Imagine you are reading an article about the principles of population control. As you read, you realize that you can develop a simulator which illustrates in a vivid visual form one of the main principles described in the article, and provides a sandbox for readers to play with and better understand that principle. After dropping a (favourably received) note to the authors, and a little work, you’ve put together a nice simulation. After a bit of back and forth with the authors, a link to your simulation is now integrated into the article. Anyone reading the article can now click on the relevant equation and will immediately see your simulation (and, if they like, the source code). A few months later, someone takes up your source code and develops the simulation further, improving the reader experience still further.

Imagine reading Einstein’s original articles on special relativity, and being able to link directly to simulations (or, even better, fully-fledged computer games) that vividly demonstrate the effects of length contraction, time dilation, and so on. In mathematical disciplines, this kind of content enhancement might even be done semi-automatically. The tools could gradually integrate the ability to make inferences and connections – “The automated reasoning software has discovered a simplification of Equation 3; would you like to view the simplification now?”
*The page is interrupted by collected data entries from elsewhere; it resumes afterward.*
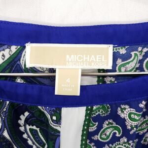 Michael Kors Blouse Womens 4 Blue Green Paisley Print Elastic Waist Pullover Top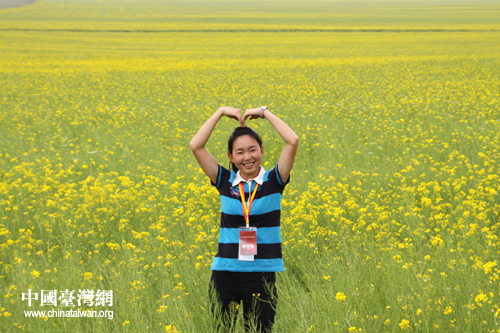 門源油菜花海,一位臺灣學生在開心地拍照(中國臺灣網 趙輝 攝)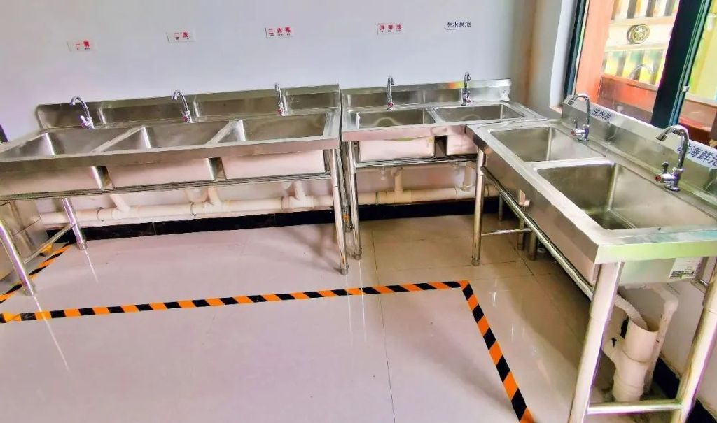 使用耐腐蚀的不锈钢或瓷砖材料的洗碗池、消毒池,并且两个池要分开,不能混合使用,池底的排水系统要通常,不能有堵塞,当日的污物垃圾要当日清理带走,不能滞留在池内。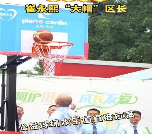 不过,笑归笑,闹归闹!在给区长送出“大帽”之后,崔永熙似乎也是感到了有一些不太对,于是,接下来,就直接“放水”,让区长有了一个空篮的机会,我们可以看到,这位区长也是技术了得,在无人的防守下,轻松将篮球打进……于是,大家也是开心地送出了点赞的掌声!

Similar types of content enhancement could, of course, be used in all disciplines. Graphs, videos, explanations, commentary, background material, data sets, source code, experimental procedures, links to wikipedia, links to other related papers, links to related pedagogical materials, talks, media releases – all these and more could be integrated more thoroughly into research publishing. Furthermore, rather than being second-class add-ons to “real” research publications, a well-designed citation and archival system would ensure that all these forms have the status of first-class research publications, raising their stature, and helping ensure that people put more effort into adding value in these ways.

Another use for open source research is more pedagogical in flavour. Imagine you are a student assigned to rewrite Einstein’s article on general relativity in the language of modern differential geometry. Think of the excitement of working with the master’s original text, fully inhabiting it, and then improving it still further! Of course, such an assignment is technologically possible even now. However, academia has strong cultural inhibitions against making such modifications to original research articles. I will argue that with properly authenticated archival systems these issues could be addressed, the inhibitions could be removed, and a world of new possibilities opened up.

Having discussed micropublication and open source research in concrete terms, let’s now describe them in more abstract terms, and briefly discuss some of the problems that must be overcome if they are to become viable modes of publication. More detailed resolutions to these problems will be discussed in a later post.

Micropublication does three things. First, it decreases the size of the smallest publishable unit of research. Second, it broadens the class of objects considered as first-class publishable objects so that it includes not just papers, but also items such as data, computer code, simulations, commentary, and so on. Third, it eliminates the barrier of peer review, a point we’ll come back to shortly. The consequence is to greatly reduce the friction slowing down the progress of the research community, by lowering the barriers to publication. Although promising, this lowering of the barriers to publication also creates three problems that must be addressed if the research community is to adopt the concept of micropublication.

The first problem is providing appropriate recognition for people’s contributions. This can be achieved through appropriate archival and citation systems, and is described in detail in a later post.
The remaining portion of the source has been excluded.